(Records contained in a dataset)

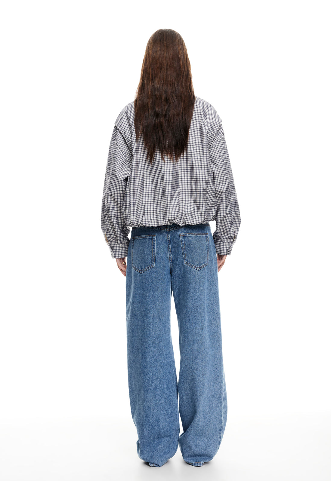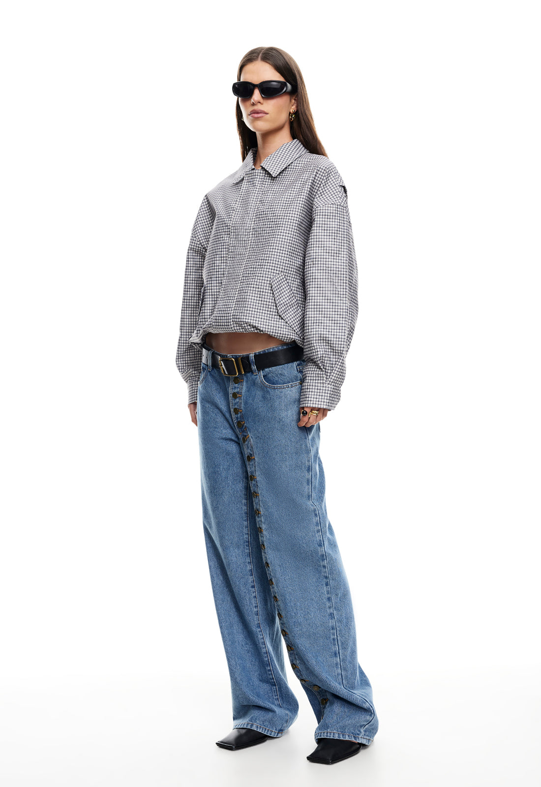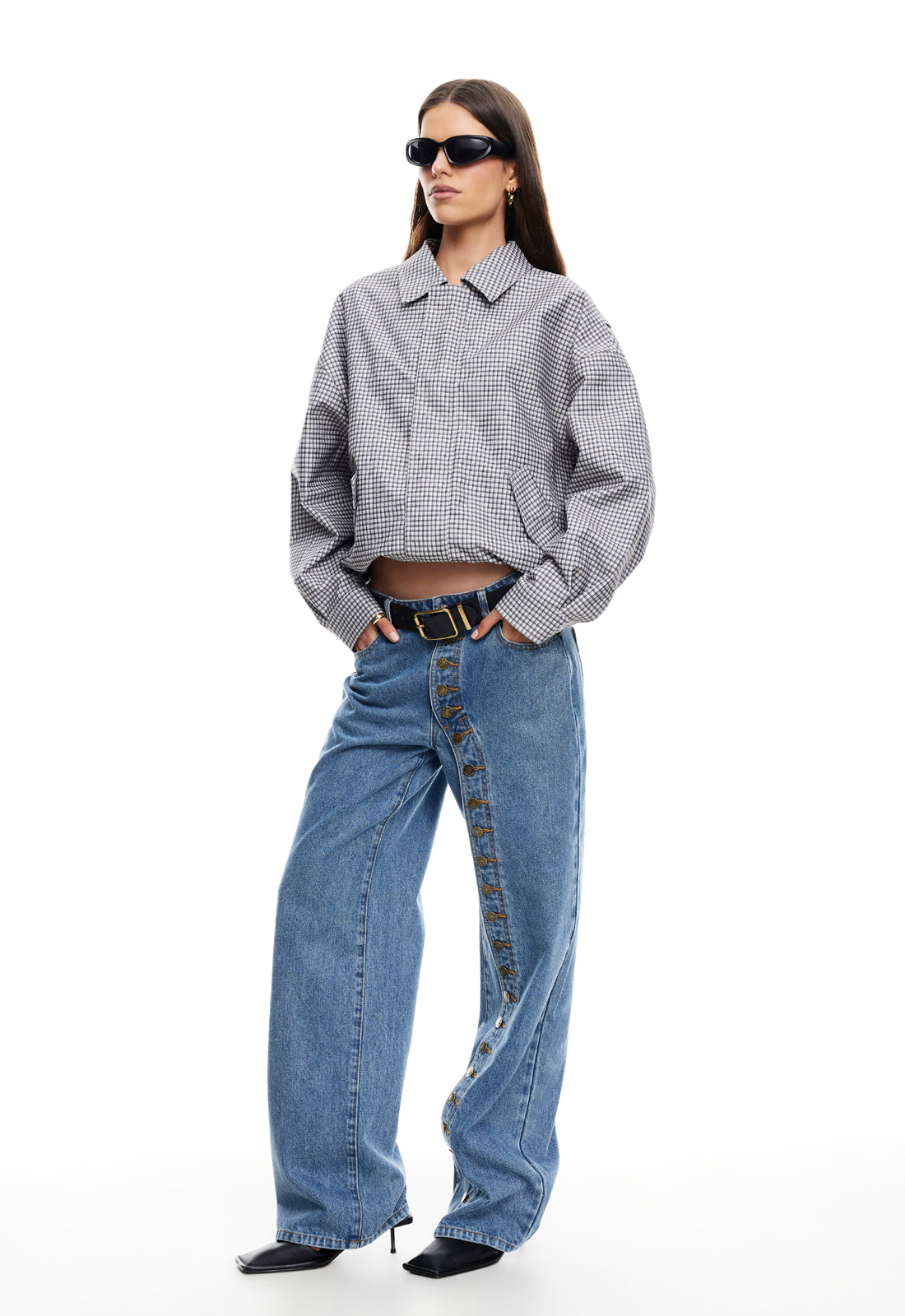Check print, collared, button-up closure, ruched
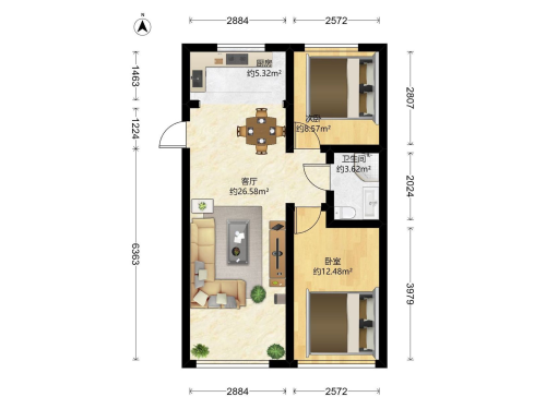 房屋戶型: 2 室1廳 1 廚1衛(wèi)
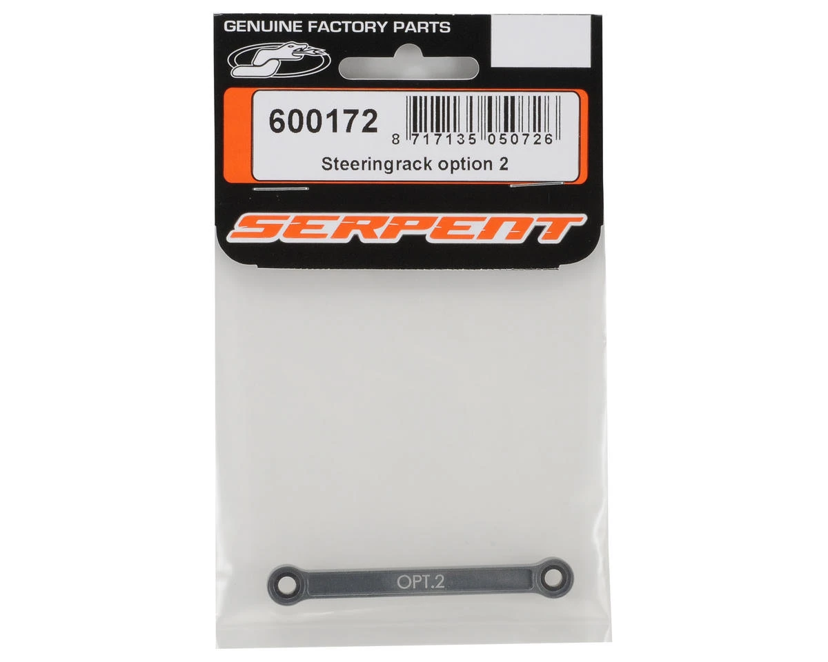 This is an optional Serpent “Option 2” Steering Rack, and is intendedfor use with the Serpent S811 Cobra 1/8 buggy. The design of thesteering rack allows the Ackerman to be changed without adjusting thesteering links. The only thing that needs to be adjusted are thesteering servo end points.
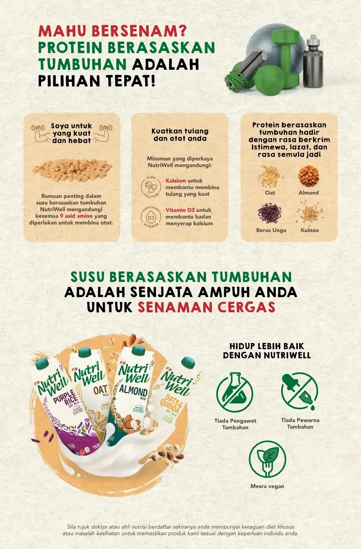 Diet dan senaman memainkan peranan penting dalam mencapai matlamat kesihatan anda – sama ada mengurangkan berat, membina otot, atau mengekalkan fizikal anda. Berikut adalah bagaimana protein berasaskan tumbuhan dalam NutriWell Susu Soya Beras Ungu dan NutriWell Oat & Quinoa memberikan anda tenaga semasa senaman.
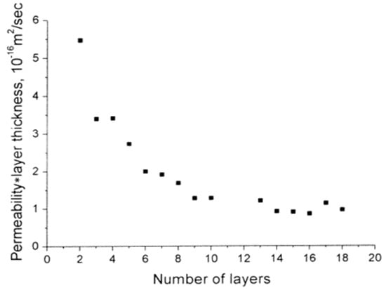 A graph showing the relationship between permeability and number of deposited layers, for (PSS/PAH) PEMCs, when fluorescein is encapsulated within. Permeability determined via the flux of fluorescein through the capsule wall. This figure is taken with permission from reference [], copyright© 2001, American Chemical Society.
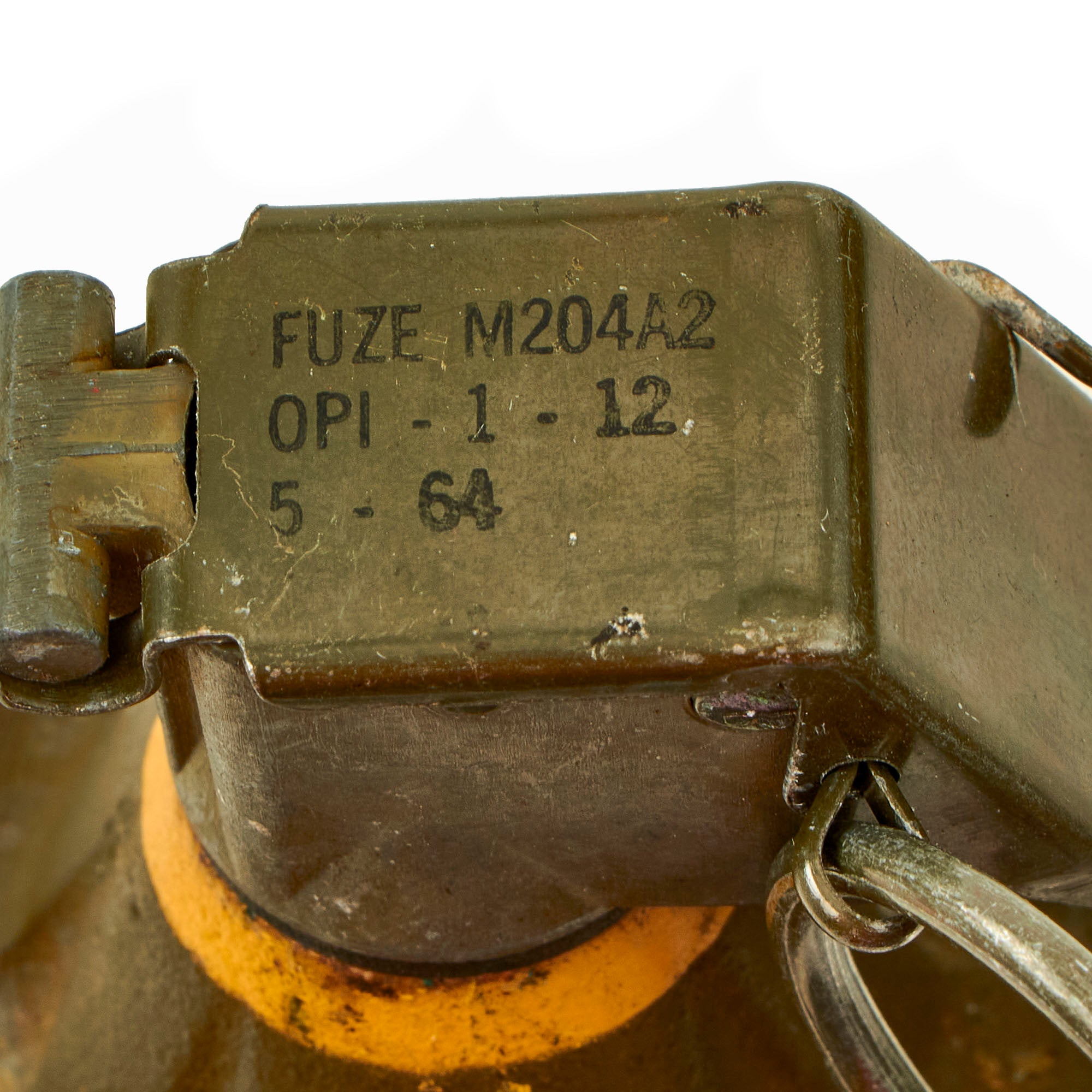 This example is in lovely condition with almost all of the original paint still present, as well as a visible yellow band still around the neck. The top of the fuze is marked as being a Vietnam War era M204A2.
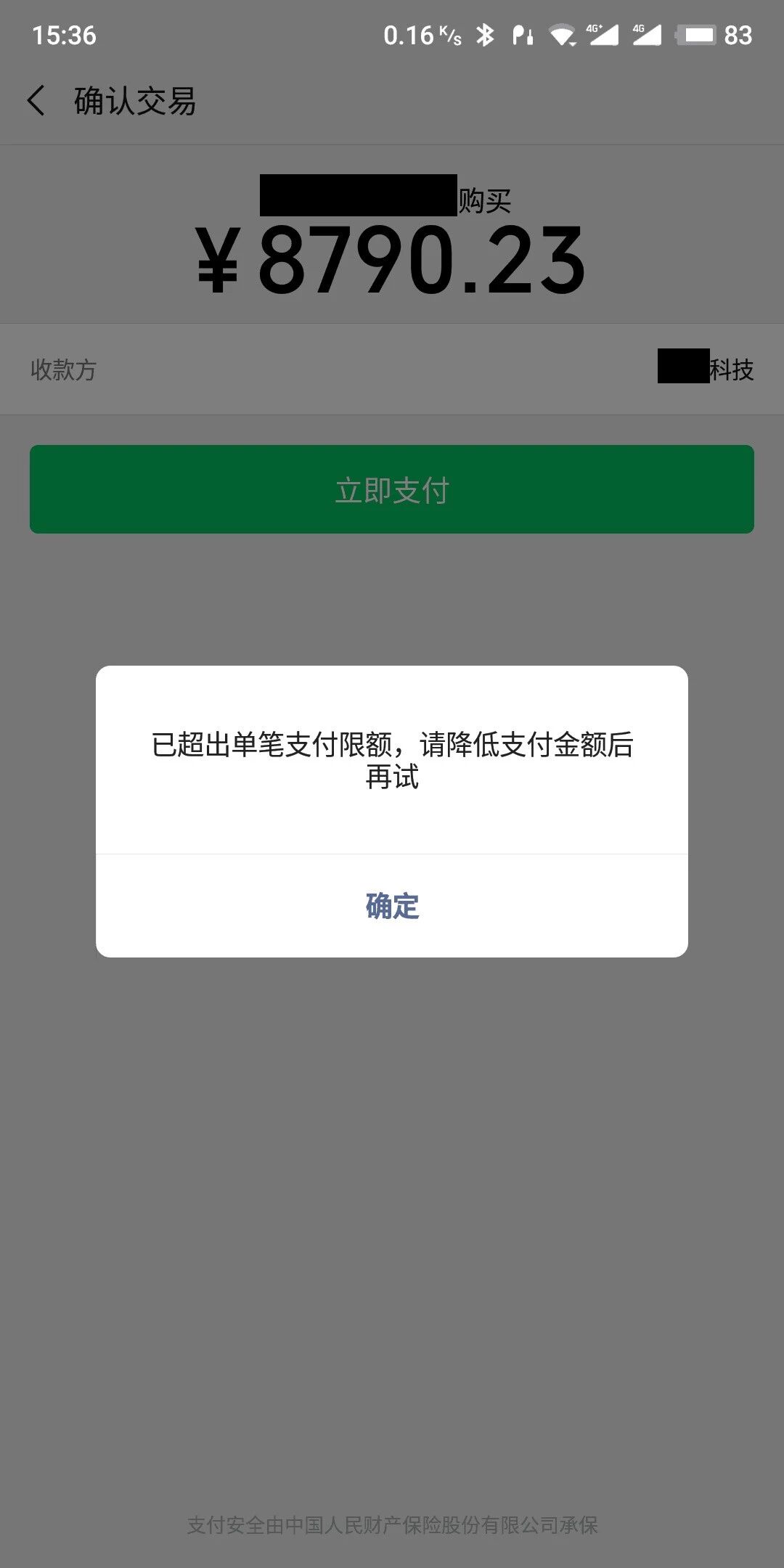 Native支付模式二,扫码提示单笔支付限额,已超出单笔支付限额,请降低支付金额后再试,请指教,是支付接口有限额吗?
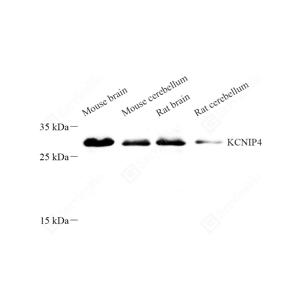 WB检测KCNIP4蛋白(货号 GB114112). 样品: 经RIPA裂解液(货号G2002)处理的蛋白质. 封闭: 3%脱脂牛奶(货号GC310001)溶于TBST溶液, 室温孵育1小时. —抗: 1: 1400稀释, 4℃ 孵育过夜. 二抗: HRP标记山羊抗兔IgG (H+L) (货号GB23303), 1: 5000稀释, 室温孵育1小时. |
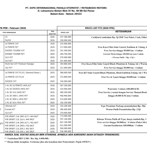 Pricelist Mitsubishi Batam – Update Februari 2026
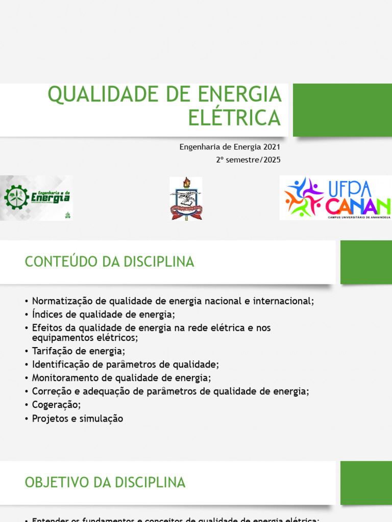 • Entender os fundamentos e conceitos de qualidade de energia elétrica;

### DIRECTIONS FOR THIS TASK
Each entry above should be printed exactly, and any picture in it left out.

### YOUR SOLUTION
Check print, collared, button-up closure, ruched
 房屋戶型: 2 室1廳 1 廚1衛(wèi)
 This is an optional Serpent “Option 2” Steering Rack, and is intendedfor use with the Serpent S811 Cobra 1/8 buggy. The design of thesteering rack allows the Ackerman to be changed without adjusting thesteering links. The only thing that needs to be adjusted are thesteering servo end points.
 Diet dan senaman memainkan peranan penting dalam mencapai matlamat kesihatan anda – sama ada mengurangkan berat, membina otot, atau mengekalkan fizikal anda. Berikut adalah bagaimana protein berasaskan tumbuhan dalam NutriWell Susu Soya Beras Ungu dan NutriWell Oat & Quinoa memberikan anda tenaga semasa senaman.
 A graph showing the relationship between permeability and number of deposited layers, for (PSS/PAH) PEMCs, when fluorescein is encapsulated within. Permeability determined via the flux of fluorescein through the capsule wall. This figure is taken with permission from reference [], copyright© 2001, American Chemical Society.
 This example is in lovely condition with almost all of the original paint still present, as well as a visible yellow band still around the neck. The top of the fuze is marked as being a Vietnam War era M204A2.
 Native支付模式二,扫码提示单笔支付限额,已超出单笔支付限额,请降低支付金额后再试,请指教,是支付接口有限额吗?
 WB检测KCNIP4蛋白(货号 GB114112). 样品: 经RIPA裂解液(货号G2002)处理的蛋白质. 封闭: 3%脱脂牛奶(货号GC310001)溶于TBST溶液, 室温孵育1小时. —抗: 1: 1400稀释, 4℃ 孵育过夜. 二抗: HRP标记山羊抗兔IgG (H+L) (货号GB23303), 1: 5000稀释, 室温孵育1小时. |
 Pricelist Mitsubishi Batam – Update Februari 2026
 • Entender os fundamentos e conceitos de qualidade de energia elétrica;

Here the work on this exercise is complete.